===== Task data =====

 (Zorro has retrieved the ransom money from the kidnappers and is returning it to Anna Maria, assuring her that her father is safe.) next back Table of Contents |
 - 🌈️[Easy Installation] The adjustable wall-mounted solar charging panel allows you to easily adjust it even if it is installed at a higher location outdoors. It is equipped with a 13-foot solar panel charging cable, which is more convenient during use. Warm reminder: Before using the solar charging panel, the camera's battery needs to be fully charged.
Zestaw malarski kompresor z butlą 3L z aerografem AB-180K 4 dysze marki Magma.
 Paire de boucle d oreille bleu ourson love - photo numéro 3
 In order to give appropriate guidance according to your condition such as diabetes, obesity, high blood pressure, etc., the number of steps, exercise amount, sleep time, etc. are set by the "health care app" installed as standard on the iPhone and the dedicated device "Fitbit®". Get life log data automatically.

=====
===== Task data =====

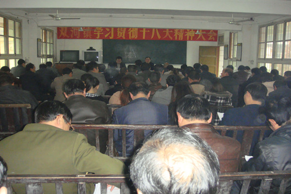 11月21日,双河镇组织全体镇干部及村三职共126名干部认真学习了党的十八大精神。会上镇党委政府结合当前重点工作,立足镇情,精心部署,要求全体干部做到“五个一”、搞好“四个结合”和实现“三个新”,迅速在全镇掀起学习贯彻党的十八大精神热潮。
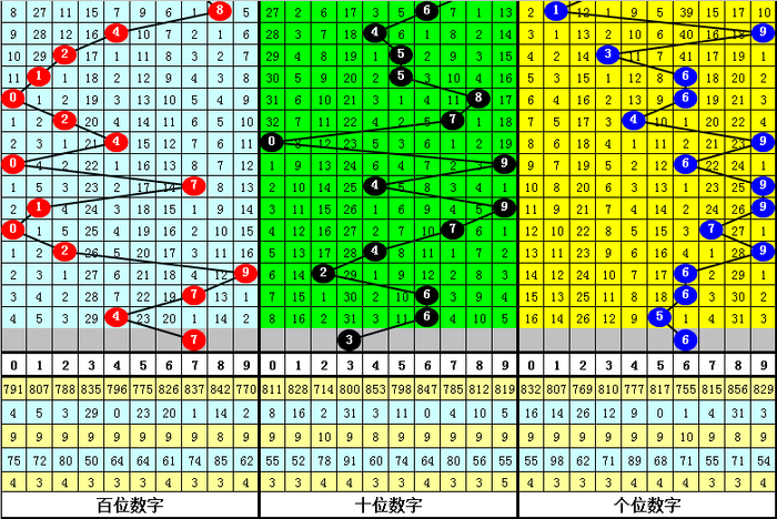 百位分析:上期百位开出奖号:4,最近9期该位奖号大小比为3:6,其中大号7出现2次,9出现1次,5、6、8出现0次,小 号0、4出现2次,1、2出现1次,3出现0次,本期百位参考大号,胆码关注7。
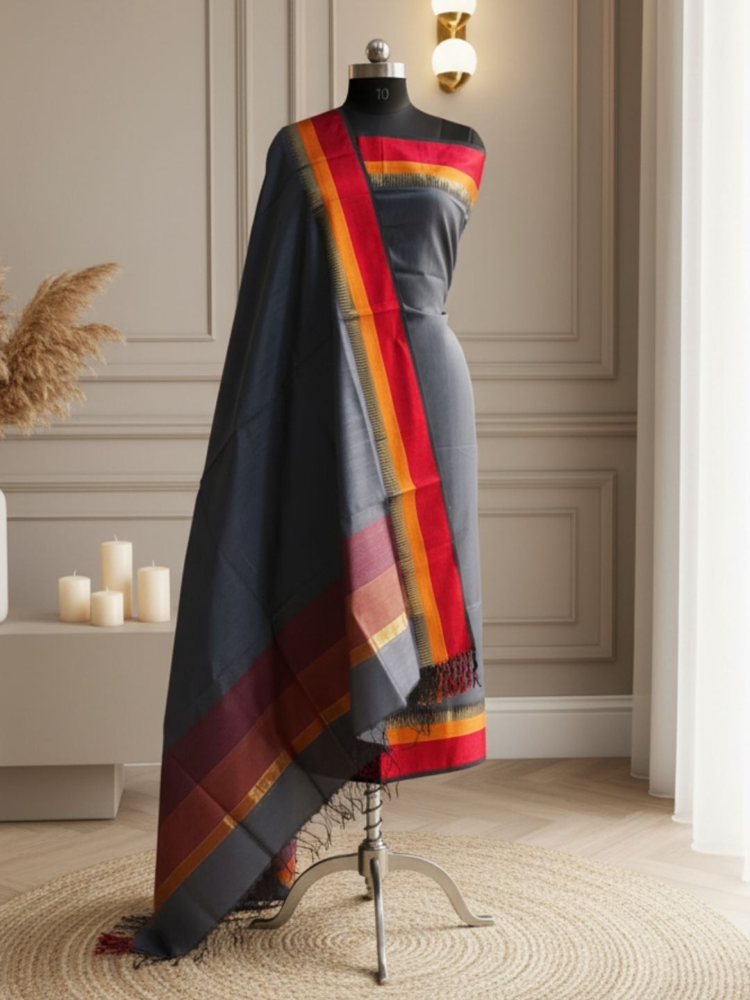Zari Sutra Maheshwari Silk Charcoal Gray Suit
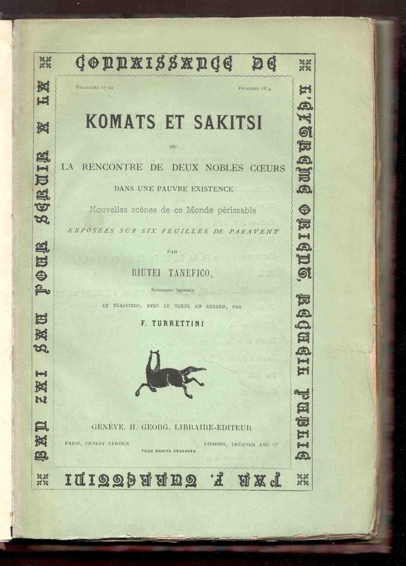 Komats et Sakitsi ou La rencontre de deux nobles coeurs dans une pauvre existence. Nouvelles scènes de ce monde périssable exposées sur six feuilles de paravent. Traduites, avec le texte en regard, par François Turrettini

=====

▸ Required action: Starting from the line with "百位分析:上期百位开出奖号:4,最近9期" in the records above, repeat each line exactly until you have written the line with "Komats et Sakitsi", then stop; drop the pictures.

▸ Solution to the problem:
 百位分析:上期百位开出奖号:4,最近9期该位奖号大小比为3:6,其中大号7出现2次,9出现1次,5、6、8出现0次,小 号0、4出现2次,1、2出现1次,3出现0次,本期百位参考大号,胆码关注7。
Zari Sutra Maheshwari Silk Charcoal Gray Suit
 Komats et Sakitsi ou La rencontre de deux nobles coeurs dans une pauvre existence. Nouvelles scènes de ce monde périssable exposées sur six feuilles de paravent. Traduites, avec le texte en regard, par François Turrettini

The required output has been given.